熱硬化性樹脂として具体的には、メラミン系樹脂、尿素系樹脂、フェノール系樹脂、エポキシ系樹脂、ウレタン系樹脂、ポリイミド系樹脂、ジアリルフタレート系樹脂、不飽和ポリエステル系樹脂、フラン系樹脂等が挙げられる。
【0010】
熱可塑性樹脂として具体的には、ポリエチレン、ポリプロピレン、ポリスチレン、ポリ塩化ビニル、ポリ塩化ビニリデン、ポリビニルアセテート、ポリメタクリレート、ポリアクリロニトリル、ポリカーボネート及びこれらの共重合体、ポリエチレンテレフタレート、ポリブチレンテレフタレート、ポリブチレンサクシネート、ポリエチレンサクシネート、ポリブチレンサクシネート・アジペート、ポリ乳酸、ポリカプロラクトン、ポリ(3−ヒドロキシ酪酸−CO−3−ヒドロキシ吉草酸)(P(3HB−3HV))ポリ(3−ヒドロキシ酪酸−CO−4−ヒドロキシ酪酸)(P(3HB−4HB))、ポリ(3−ヒドロキシ酪酸−CO−3−ヒドロキシプロピオネート)(P(3HB−3HP))、全芳香族ポリエステル等のポリエステル類、ポリウレタンエラストマー、ポリアミド、フツ素樹脂、ポリアセタール、ポリエーテルエーテルケトン、ポリエーテルサルフォン、ポリサルフォン、ポリフェニレンスルフィッド、ポリフェニレンエーテル、ポリフェニレンオキサイド等が挙げられる。
【0011】
光硬化性樹脂として具体的には、不飽和ポリエステル系樹脂、アクリレート系樹脂、ポリエン/ポリチオール系樹脂、スピラン系樹脂、エポキシ系樹脂、アミノアルキッド系樹脂、ジアリルフタレート系樹脂、不飽和ポリエステル系樹脂、フラン系樹脂等が挙げられる。

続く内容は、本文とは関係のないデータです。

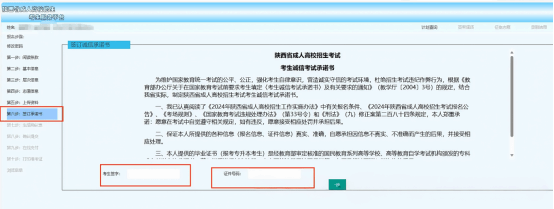 完成考生注册后,选择“考生登录”,使用已经注册的考生身份证号码、登录密码,进行登录报考系统,阅读条款,在底部框内打“√”并下一步。

本発明の抗菌性樹脂組成物を塗工液として調製し、基材上に抗菌層を形成する場合には、樹脂として、ポリビニルアルコールまたはその誘導体、ポリビニルブチラール、ポリビニルアセトアセタール等のポリビニルアセタール類、エチルセルロース、セルロースアセテート、セルロースアセテートプロピオネート、セルロースアセテートブチレート等のセルロース誘導体、エポキシ樹脂、ウレタン系樹脂、アクリル系樹脂、ポリカーボネート系樹脂等の結着樹脂の1種または2種以上を用いることが好ましい。
【0012】
抗菌性樹脂組成物中のホスホン酸金属塩(本発明の抗菌剤)の含有量は、ホスホン酸金属塩と樹脂の合計重量を基準として0.05〜60重量%が好ましく、0.5〜30重量%がより好ましい。ホスホン酸金属塩の含有量が60重量%を超えると、樹脂の持つ柔軟性、成型性等の物性を損ねる可能性があるからである。
本発明の抗菌性樹脂組成物には、必要に応じて他の添加剤を加えることができる。添加剤としては、例えば着色剤、充填剤(フィラー類)、滑剤、可塑剤、難燃剤等が挙げられる。

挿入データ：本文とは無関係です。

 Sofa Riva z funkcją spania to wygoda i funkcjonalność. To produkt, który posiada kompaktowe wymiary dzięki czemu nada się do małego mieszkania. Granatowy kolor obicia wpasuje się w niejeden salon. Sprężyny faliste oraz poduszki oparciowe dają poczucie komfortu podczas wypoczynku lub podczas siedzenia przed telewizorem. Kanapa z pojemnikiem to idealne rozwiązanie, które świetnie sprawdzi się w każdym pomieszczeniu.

着色剤の例としては、カーボンブラック、フタロシアニン系、アゾ系、ジスアゾ系、キナクリドン系、ジケトピロロピロール系、アントラキノン系、アンスラキノン系、フラバントロン系、ペリレン系、ペリノン系、ジオキサジン系、ジイモニウム系、縮合アゾ系、アゾメチン系、又はメチン系等の各種有機染顔料が挙げられる。
【0013】
充填剤の例としては、炭酸カルシウム、ガラス繊維等、通常樹脂に用いられる充填剤が挙げられる。これらは、樹脂組成物での抗菌性を阻害しない範囲、例えば樹脂組成物中の固形分を基準として0.001〜3重量%の範囲で添加される。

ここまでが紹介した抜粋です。